We also indirectly compared UniNovo with MS-GFDB (Kim et al., 2010), as both tools were developed to analyze diverse types of spectra. We replaced the scoring function of UniNovo with that of MS-GFDB and generated reconstructions using the replaced scoring method. More precisely, the spectrum graph was generated by MS-GFDB per each spectrum, and the reconstructions were generated by UniNovo on that spectrum graph (instead of the spectrum graph generated by UniNovo). This generation method is specified by MS-GFDBScore. All experimental parameters for MS-GFDBScore were the same as for UniNovo.

Figure 2 shows the comparison results for different datasets. UniNovo found the largest number of correctly sequenced spectra among all the tested tools in most datasets. In particular, for ETD spectra, UniNovo reported significantly more correctly sequenced spectra than PEAKS. For example, in case of ETD2 or ETDL4 dataset, the number of correctly sequenced spectra was more than twice for UniNovo than for PEAKS.

Fig. 2.

Fig. 2.

Comparison of de novo sequencing tools [as well as a database search tool MS-GFDB (Kim et al., 2010) tweaked for de novo sequencing]. Per each spectrum, N top scoring reconstructions were generated by UniNovo, PepNovo+ (Frank, 2009; Frank and Pevzner, 2005), PEAKS (Ma et al., 2003), pNovo (Chi et al., 2010) and MS-GFDBScore. MS-GFDBScore provides UniNovo with MS-GFDB’s scoring function. The number of reported reconstructions per a spectrum (N) is set to 1, 5 and 20. A reconstruction is correct if all the fragmentation sites of the reconstruction are correct, and a spectrum is classified as correctly sequenced if at least one of the reconstructions generated from the spectrum is correct. Figures on the left side (a, c and e) show the number of correctly sequenced spectra in each dataset, and figures on the right side (b, d and f) show the average length of the correct reconstructions

For CID spectra, UniNovo and PepNovo+ showed similar results.
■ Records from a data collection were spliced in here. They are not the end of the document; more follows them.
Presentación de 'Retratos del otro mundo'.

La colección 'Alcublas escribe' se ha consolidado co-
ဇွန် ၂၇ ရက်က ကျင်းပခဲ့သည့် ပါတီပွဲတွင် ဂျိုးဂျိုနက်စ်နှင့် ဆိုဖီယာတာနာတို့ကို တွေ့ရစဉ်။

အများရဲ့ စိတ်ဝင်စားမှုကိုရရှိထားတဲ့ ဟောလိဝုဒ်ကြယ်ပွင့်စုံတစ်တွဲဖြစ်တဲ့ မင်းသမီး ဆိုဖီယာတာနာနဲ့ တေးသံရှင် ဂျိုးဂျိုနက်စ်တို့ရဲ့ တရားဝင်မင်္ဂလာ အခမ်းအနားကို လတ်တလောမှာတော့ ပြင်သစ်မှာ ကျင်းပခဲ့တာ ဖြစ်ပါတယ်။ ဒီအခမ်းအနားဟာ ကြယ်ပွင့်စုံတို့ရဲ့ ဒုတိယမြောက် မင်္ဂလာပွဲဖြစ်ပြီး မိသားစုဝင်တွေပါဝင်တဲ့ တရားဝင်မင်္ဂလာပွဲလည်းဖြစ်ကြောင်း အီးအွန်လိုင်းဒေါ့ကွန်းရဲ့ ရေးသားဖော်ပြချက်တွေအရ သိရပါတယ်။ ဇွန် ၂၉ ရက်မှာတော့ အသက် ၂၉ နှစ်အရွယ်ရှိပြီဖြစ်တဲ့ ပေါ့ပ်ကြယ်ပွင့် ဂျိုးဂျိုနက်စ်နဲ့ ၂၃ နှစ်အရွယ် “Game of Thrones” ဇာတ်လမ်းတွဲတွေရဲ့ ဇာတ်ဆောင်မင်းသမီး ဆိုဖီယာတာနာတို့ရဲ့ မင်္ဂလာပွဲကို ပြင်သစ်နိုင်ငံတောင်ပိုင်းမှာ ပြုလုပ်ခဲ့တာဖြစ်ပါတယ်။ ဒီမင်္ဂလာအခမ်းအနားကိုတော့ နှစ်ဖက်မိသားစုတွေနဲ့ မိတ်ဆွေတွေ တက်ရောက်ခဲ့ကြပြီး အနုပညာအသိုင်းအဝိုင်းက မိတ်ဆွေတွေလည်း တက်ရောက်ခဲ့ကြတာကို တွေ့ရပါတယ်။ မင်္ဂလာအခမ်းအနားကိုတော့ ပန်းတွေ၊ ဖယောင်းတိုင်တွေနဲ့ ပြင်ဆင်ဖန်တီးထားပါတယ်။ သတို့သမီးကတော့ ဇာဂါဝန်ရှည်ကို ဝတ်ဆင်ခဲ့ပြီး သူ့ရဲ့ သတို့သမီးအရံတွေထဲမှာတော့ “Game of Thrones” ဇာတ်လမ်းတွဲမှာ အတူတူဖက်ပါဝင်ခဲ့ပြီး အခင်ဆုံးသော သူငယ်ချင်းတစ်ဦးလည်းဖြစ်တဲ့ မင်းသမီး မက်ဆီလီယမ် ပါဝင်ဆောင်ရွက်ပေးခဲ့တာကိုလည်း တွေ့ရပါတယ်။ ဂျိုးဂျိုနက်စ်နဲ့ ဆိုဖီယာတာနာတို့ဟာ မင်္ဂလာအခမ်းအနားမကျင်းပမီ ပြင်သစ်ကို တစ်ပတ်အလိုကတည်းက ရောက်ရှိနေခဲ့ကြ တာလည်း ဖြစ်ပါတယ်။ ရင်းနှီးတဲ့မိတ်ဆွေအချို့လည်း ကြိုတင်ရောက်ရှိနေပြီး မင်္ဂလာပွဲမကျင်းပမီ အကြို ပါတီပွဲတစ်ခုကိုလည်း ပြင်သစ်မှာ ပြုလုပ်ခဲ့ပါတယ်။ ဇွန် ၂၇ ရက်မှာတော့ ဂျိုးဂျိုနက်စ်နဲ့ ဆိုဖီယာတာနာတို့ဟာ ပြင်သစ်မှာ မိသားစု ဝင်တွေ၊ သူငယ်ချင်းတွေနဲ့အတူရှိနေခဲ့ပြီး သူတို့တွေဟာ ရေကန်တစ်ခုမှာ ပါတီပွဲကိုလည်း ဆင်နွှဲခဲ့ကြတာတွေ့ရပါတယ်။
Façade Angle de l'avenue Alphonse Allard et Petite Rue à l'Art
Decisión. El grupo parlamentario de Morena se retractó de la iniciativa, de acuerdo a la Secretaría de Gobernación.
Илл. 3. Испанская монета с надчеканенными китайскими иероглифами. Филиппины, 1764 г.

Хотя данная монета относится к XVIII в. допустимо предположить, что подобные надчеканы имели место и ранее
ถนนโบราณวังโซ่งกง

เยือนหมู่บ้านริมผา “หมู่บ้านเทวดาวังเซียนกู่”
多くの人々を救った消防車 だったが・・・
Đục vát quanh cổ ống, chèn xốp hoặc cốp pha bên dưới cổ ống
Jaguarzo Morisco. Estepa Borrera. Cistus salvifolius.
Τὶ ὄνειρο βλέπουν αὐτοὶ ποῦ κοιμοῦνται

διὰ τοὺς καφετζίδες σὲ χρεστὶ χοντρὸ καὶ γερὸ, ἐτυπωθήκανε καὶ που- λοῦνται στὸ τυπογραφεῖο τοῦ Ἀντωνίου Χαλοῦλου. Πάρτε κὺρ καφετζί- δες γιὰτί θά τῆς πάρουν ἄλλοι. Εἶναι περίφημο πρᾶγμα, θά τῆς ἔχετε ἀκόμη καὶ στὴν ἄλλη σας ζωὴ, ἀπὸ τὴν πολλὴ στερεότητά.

When N = 1, UniNovo and PepNovo+ found about the same number of correctly sequenced spectra in CID2 and CIDL2 datasets, but UniNovo found about 35% more correctly sequenced spectra than PepNovo+ in CIDA2 dataset.

While trypsin and LysC-digested peptides generate the spectra of similar fragmentation characteristics, AspN-digested peptides generate spectra with distinct fragmentation propensities. UniNovo worked well with AspN-digested peptides, but PepNovo+ showed suboptimal results for the spectra of AspN-digested peptides [Training of the parameters for the Bayesian network of PepNovo (Frank and Pevzner, 2005) for the CID spectra of AspN- or LysC-digested peptides would lead to better results; however, as mentioned above, the re-ranking models of PepNovo+ (Frank, 2009), which are crucial for the superior performance of PepNovo+ for CID tryptic spectra (see the Supplementary section S14), cannot be readily trained.]. The length of correct reconstructions for PepNovo+ was slightly longer than for UniNovo.
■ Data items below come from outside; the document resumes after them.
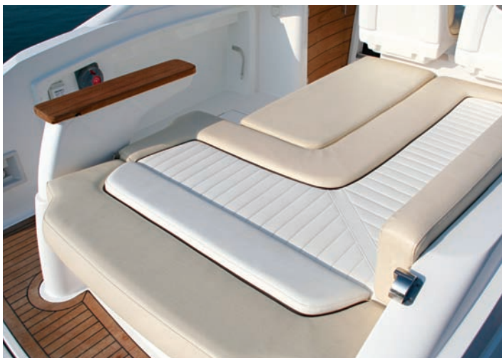
Se abate el respaldo de popa para ampliar el solárium posterior.

Con un casco marcado por dos alargadas escotillas en las bandas y una proa no muy lanzada
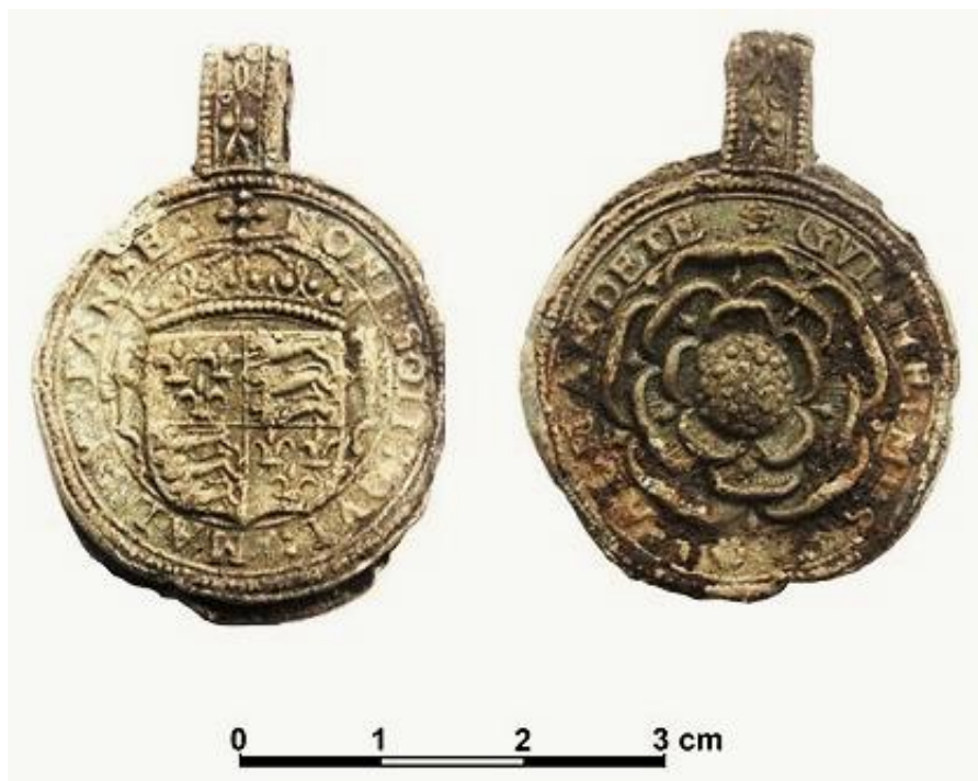
Ryc. 1. Ołowiana plomba handlowa Koprzywnica, gm. Koprzywnica.

Plomby tekstylne to średniowieczne i nowożytny znaki towarowe umieszczane na tkaninach eksportowanych za granicę, potwierdzające ich jakość, pochodzenie i spełnienie wymogów celnych (opłacenie cła).
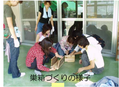
巣箱づくりの様子
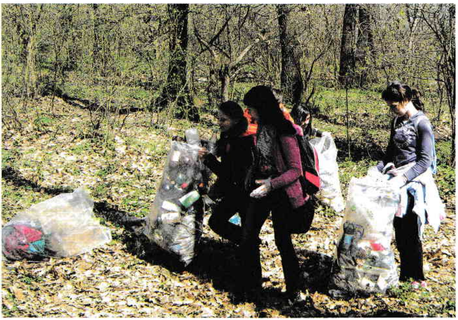
Activitate de ecologizare a pădurii

The results on HCD spectra also demonstrate that UniNovo finds the largest number of correctly sequenced spectra in general. The reconstructions reported by pNovo were, however, longer than those by UniNovo (and PepNovo+) by two to three amino acids. This suggests that UniNovo still has room for improvement for HCD spectra (e.g. introducing features better reflecting the high mass resolution and information from immonium or internal ions).
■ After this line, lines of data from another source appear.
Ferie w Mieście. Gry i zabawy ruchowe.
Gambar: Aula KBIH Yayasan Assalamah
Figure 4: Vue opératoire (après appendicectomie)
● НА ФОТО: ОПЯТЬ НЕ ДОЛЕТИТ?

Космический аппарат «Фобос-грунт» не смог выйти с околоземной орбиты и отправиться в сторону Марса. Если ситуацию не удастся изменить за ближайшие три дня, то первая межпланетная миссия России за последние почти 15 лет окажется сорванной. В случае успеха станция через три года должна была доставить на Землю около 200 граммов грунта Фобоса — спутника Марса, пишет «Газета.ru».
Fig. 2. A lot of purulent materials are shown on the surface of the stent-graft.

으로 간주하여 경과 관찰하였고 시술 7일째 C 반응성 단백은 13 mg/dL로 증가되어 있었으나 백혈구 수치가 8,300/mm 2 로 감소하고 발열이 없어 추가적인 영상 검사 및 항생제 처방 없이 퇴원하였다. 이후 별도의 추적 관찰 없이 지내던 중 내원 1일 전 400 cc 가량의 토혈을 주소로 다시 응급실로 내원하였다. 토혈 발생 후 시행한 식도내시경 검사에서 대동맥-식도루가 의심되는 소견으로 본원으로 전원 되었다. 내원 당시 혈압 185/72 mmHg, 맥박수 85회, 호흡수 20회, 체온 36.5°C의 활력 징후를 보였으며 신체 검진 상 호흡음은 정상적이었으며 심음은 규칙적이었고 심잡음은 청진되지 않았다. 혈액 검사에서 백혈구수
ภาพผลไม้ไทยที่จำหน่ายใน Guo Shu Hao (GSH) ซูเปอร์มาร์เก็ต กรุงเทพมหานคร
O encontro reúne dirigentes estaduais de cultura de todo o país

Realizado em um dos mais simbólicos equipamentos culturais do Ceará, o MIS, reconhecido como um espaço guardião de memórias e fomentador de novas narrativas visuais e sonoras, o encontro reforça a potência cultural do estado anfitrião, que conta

The results from UniNovo were superior to MS-GFDBScore in both terms of the number of correctly sequenced spectra and the average length of the correct reconstructions in all datasets.

For each dataset, we drew the Venn diagrams of the correctly sequenced spectra (Fig. 3 and Supplementary Figs S5–S12) to see the overlaps of the spectra between different tools. For all datasets, the overlaps between different tools increase as N grows, as expected. Relatively small overlaps are observed for ETD spectra (as compared with CID or HCD spectra). It indicates that UniNovo may have been using some valuable features of ETD spectra missed by PEAKS (and vice versa) and suggests that combining UniNovo and PEAKS results may potentially lead to a promising de novo sequencing approach.

Fig. 3.

Fig. 3.

The Venn diagrams of the correctly sequenced spectra for CID2 (a–c), ETD3 (d–f) and HCD2 (g–i) datasets. For all datasets, the overlaps between different tools increase as N grows, as expected. Relatively small overlaps are observed for ETD spectra when compared with CID or HCD spectra. The Venn diagrams for other datasets are found in Supplementary Figures S5–S12 in the Supplementary section S11

While the above results measure the sequence level accuracy, they do not directly show the amino acid level precision or recall. To measure the amino acid level precision and recall, the top scoring reconstruction was generated per spectrum for each tool (i.e. N = 1). For this experiment, MS-GFDB was not tested, and the reconstructions of PEAKS were not converted using the local confidence. From the generated reconstructions, the number of (predicted) fragmentation sites and the number of correct fragmentation sites are counted. Also, since the spectra are annotated, we can count the number of all fragmentation sites in test sets. The precision and recall are defined by

graphic file with name btt338m3.jpg (4)
graphic file with name btt338m4.jpg (5)

Figure 4 shows the precision and recall values of the tested tools for different datasets. For all datasets, UniNovo showed the highest precision value. But the recall values of UniNovo tended to be lower than others in particular for CID spectra. For ETD2 and ETDL4 datasets, UniNovo had higher precision and recall than PEAKS. These observations are consistent with the sequence level results above; higher precision of UniNovo resulted in more accurate reconstructions, and lower recall resulted in shorter reconstructions.

Fig. 4.

Fig. 4.

Comparison of de novo sequencing tools in terms of amino acid level precision (a) and recall (b). The definitions of precision and recall are given in (4) and (5), respectively

Both the sequence level and amino acid level results suggest that specific types of spectra are more suitable for de novo sequencing than others. For instance, in general, HCD spectra generated more accurate and longer reconstructions (or higher precision and recall in amino acid level) than ETD spectra. Further evaluation of the scoring function (i.e., spectrum graph) of UniNovo for different spectrum types is found in the Supplementary section S14, where we also compared the spectrum graphs from UniNovo, PepNovo and MS-GFDB for CID2 dataset.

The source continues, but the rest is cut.